┏━━

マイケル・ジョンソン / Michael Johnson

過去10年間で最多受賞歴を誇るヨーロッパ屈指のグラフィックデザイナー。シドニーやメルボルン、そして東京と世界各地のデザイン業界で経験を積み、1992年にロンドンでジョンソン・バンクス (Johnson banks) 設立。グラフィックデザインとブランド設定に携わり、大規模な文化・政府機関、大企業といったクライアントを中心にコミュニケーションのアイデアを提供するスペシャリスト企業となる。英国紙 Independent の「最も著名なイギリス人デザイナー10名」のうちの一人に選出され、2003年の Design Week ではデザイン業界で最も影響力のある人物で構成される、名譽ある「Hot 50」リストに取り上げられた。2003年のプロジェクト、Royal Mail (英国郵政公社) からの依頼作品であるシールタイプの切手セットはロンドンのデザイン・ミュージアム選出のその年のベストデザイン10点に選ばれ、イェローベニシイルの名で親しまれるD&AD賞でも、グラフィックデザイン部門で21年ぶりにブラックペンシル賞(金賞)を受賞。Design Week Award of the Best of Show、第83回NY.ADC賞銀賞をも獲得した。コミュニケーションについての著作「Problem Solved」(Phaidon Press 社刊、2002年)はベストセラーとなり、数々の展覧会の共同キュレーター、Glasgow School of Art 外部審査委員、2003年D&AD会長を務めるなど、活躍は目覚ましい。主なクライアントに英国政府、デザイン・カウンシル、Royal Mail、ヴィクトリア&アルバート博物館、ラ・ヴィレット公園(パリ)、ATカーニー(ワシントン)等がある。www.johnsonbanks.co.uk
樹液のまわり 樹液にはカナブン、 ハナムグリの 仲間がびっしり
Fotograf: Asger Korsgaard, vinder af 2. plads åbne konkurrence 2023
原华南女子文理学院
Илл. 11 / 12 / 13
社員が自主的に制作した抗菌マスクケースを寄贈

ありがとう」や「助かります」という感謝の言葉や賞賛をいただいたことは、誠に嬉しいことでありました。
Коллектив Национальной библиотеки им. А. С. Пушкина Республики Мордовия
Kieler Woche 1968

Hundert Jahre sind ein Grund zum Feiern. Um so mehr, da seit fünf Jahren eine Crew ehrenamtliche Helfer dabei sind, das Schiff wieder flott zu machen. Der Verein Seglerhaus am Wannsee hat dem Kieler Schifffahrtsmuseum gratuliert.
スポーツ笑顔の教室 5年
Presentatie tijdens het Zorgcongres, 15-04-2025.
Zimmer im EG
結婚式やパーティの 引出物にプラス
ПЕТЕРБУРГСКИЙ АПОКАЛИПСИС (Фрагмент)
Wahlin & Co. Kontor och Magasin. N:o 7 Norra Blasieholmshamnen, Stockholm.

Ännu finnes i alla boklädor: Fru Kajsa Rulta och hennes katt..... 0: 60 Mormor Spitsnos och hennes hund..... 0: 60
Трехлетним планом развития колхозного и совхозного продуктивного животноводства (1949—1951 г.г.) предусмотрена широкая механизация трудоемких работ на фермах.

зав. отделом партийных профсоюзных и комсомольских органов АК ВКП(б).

┗━━

> _PROBLEM STATEMENT_
Say how many lines of the material hold the string "Kieler", giving the number alone.

> _RESULT OF THE TASK_
2